Судя по намеку — и гусару, которым меня пыталась попрекнуть Агафья, — Вареньку «сослали» в деревню подальше от неподходящего молодого человека. В самом деле неподходящего или только по мнению родителей — кто знает. Зато понятно, почему она так старательно изводит всех вокруг: не плохое воспитание, точнее, не одно оно тому причина.
Карма это, что ли, у меня такая — воспитывать чужих детей?
— А теперь потерпите, Варвара Николаевна, — сказал доктор уже громче. — Будет больно.

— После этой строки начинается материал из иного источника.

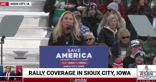 Good morning, let's check in with one of America's most garbage humans and the even smellier people who cheer when she talks. We are of course talking about Marjorie Taylor Greene and the people who enjoyed hearing her speak at the Trump rally yesterday in Sioux City, Iowa.
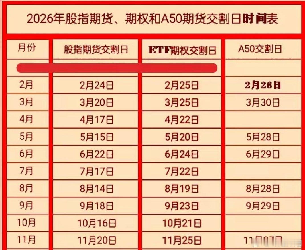 2026年2月因春节假期调休,三大金融衍生品交割日同步集中在节后时段,具体交割安排明确如下:2月24日为股指期货交割日,2月25日为ETF期权交割日,2月26日为富时A50股指期货交割日。综合当前市场运行数据及盘面特征分析,在25日ETF期权交割与26日富时A50股指期货交割这两个关键时间节点中,大概率将出现一个市场波动显著放大的交割窗口。

Он как-то повернул ее лодыжку, кость щелкнула, вставая на место. Варенька, только что рыдавшая от обиды на весь мир, стиснула зубы, застонав, но тут же через силу улыбнулась. Вытерла слезы рукавом.
— Вот так. Теперь я перебинтую вашу ногу, и отдохните до приезда Анастасии Павловны.
Девушка расслабилась, видимо, после вправления боль стала меньше. А может, обезболивающее, оно же успокоительное, подействовало, потому что Варенька зевнула:
— Я хочу домой.
— Отдохнешь и поедешь, — заверила я, подкладывая ей под голову думочку.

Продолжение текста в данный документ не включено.